Data items:

=======

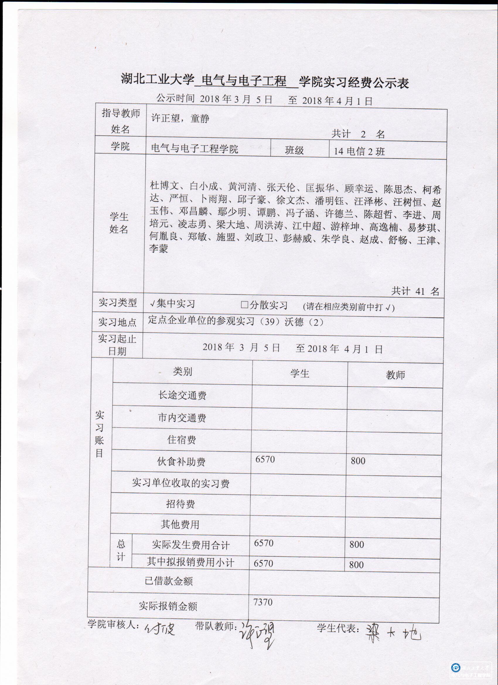 附件:《湖北工业大学电气学院实习经费公示表》2018年3月6日
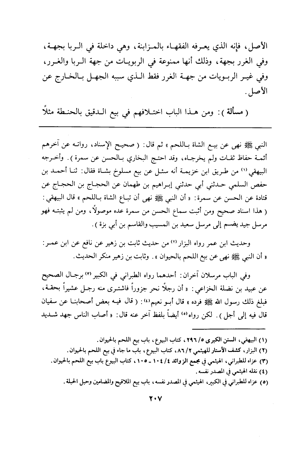 النبي - صلى الله عليه وسلم - نهى عن بيع الشاة باللحم" ثم قال: (صحيح الإسناد، رواته عن آخرهم أئمة حفاظ ثقات ولم يخرجاه، وقد احتج البخاري بالحسن عن سمرة). وأخرجه البيهقي من طريق ابن خزيمة أنه سئل عن بيع مسلوخ بشاة فقال: ثنا أحمد بن حفص السلمي حدثني أبي حدثني إبراهيم بن طهمان عن الحجاج بن الحجاج عن قتادة عن الحسن عن سمرة: "أن النبي - صلى الله عليه وسلم - نهى أن تباع الشاة باللحم" قال البيهقي: (هذا إسناد صحيح ومن أثبت سماع الحسن من سمرة عده موصولًا، ومن لم يثبته فهو مرسل جيد يضم إلى مرسل سعيد بن المسيب والقاسم بن أبي بزة).
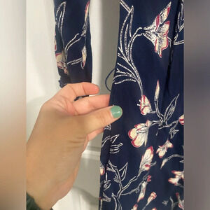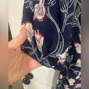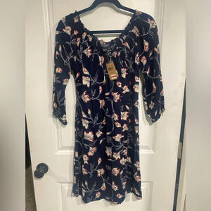 LUCKY BRAND NAVY FLORAL OFF SHOULDER DRESS PEASANT SMALL
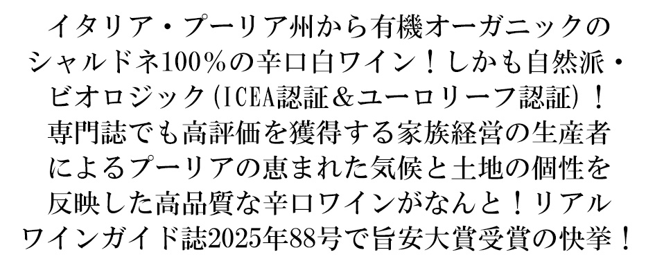 エコシステマ シャルドネ ビオロジコ 2023 カンティーネ パオロレオ元詰 自然派 12.5% リアルワインガイド誌2025年88号で旨安大賞受賞
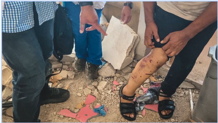Un residente mostra la sua gamba al personale di MSF il 6 luglio 2023, dopo che i cani dei soldati gli hanno morso la gamba durante un’incursione nella sua casa. Copyright di @MSF
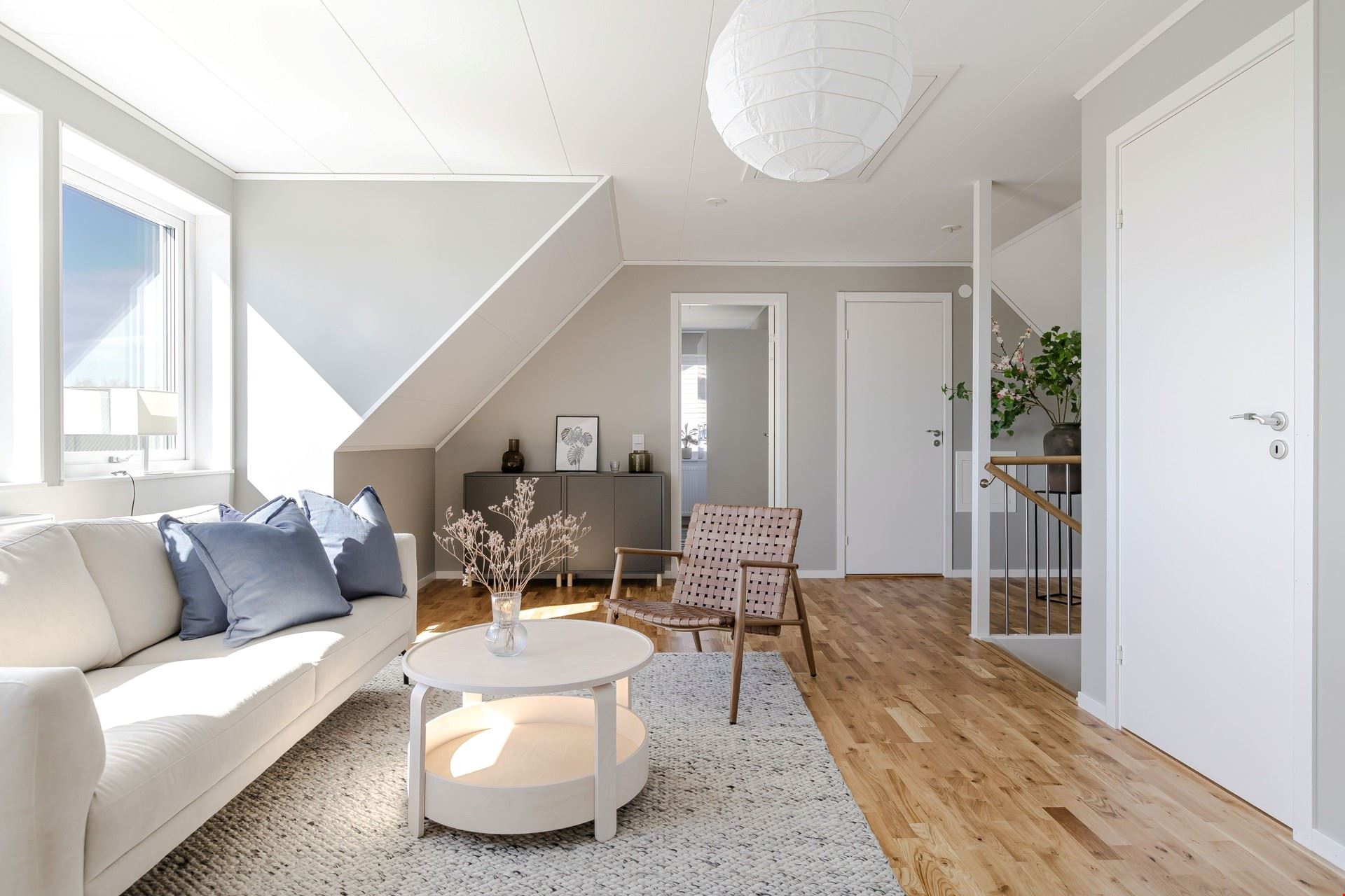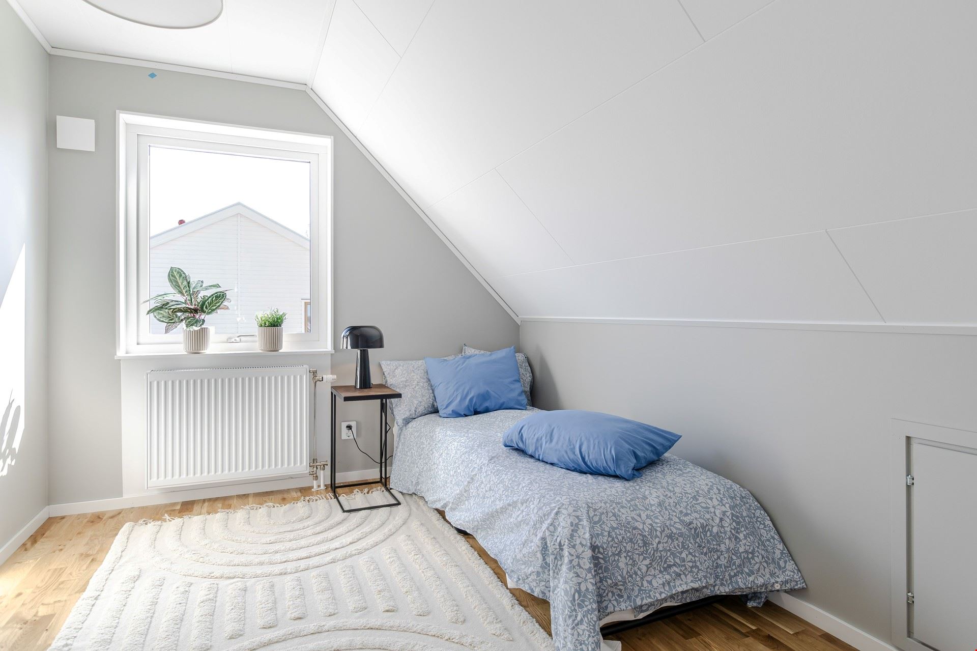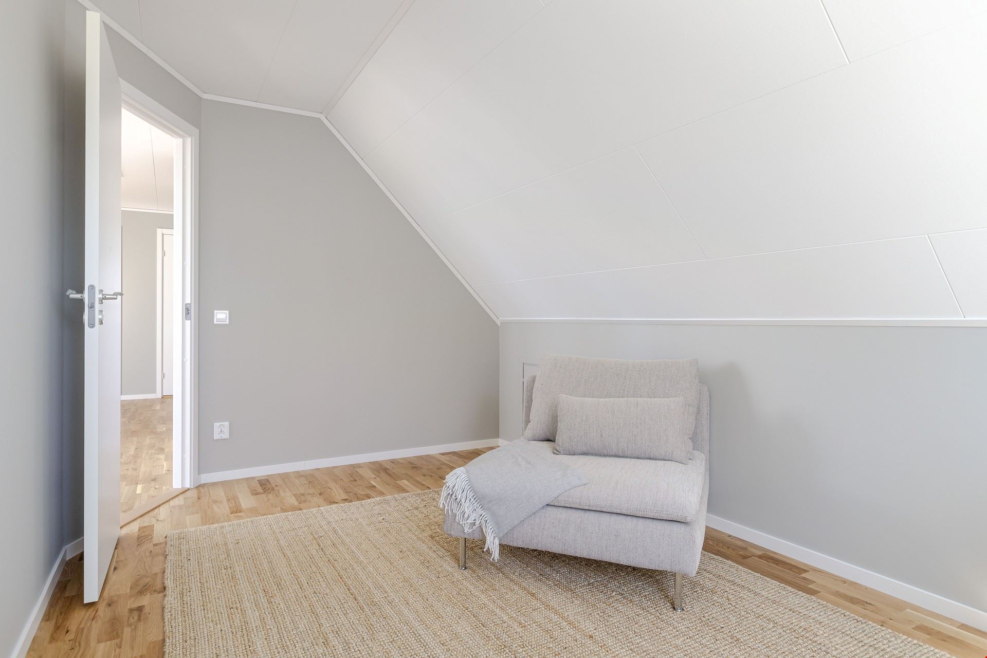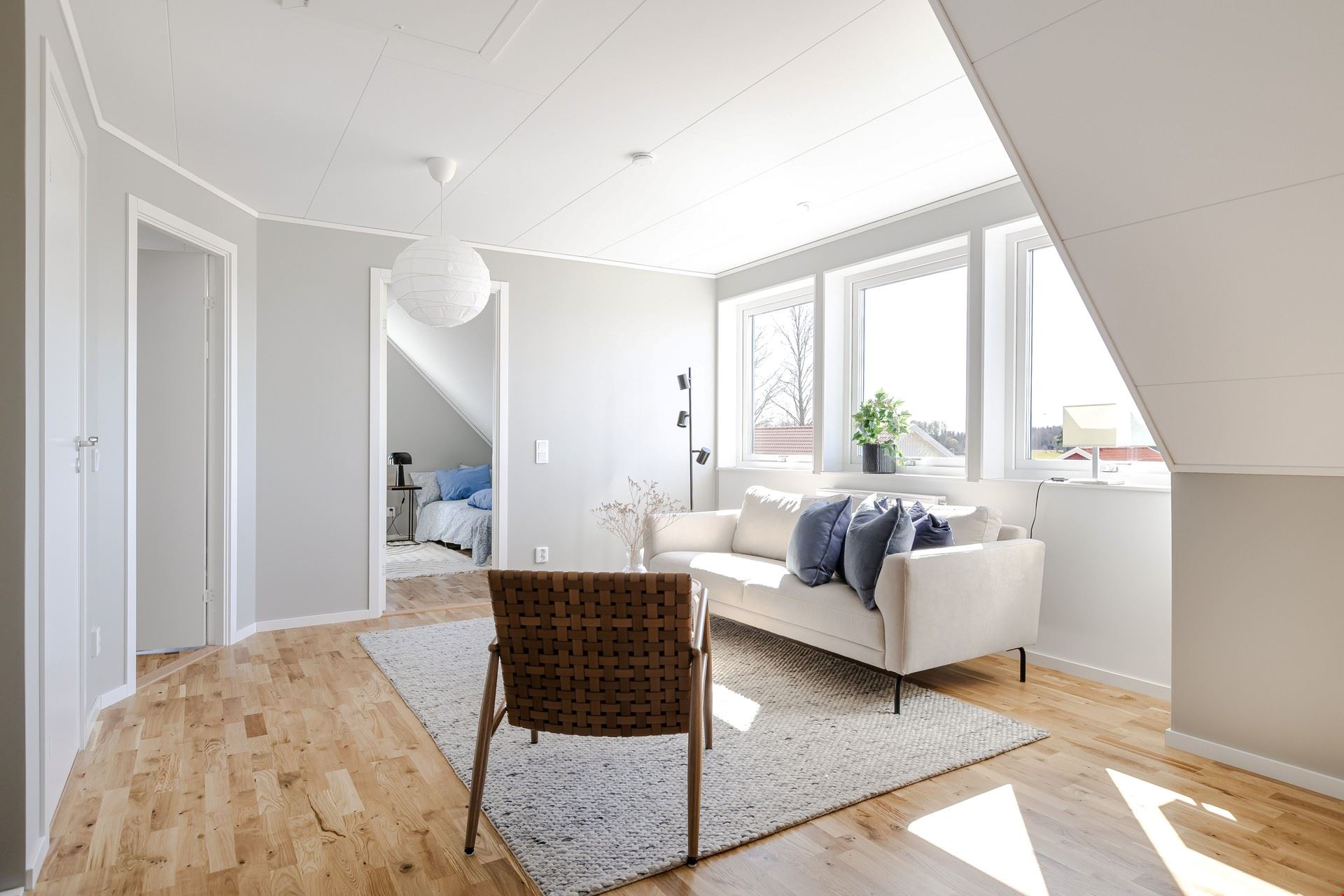 En trappa upp väntar tre ytterligare sovrum, ett badrum med dagsljusinsläpp samt ett mysigt allrum med takkupa. Perfekt som lekrum, filmhörna eller hemmakontor – du väljer själv. Här finns utrymme att växa, samla tonåringar, övernattande gäster eller kanske skapa det där hobbyrummet du länge drömt om.

=======

| Aim of the task |
The lines wanted run from the one with "Un residente mostra" through the final line of the data; repeat them word for word and skip every picture.

| Answer section |
Un residente mostra la sua gamba al personale di MSF il 6 luglio 2023, dopo che i cani dei soldati gli hanno morso la gamba durante un’incursione nella sua casa. Copyright di @MSF
 En trappa upp väntar tre ytterligare sovrum, ett badrum med dagsljusinsläpp samt ett mysigt allrum med takkupa. Perfekt som lekrum, filmhörna eller hemmakontor – du väljer själv. Här finns utrymme att växa, samla tonåringar, övernattande gäster eller kanske skapa det där hobbyrummet du länge drömt om.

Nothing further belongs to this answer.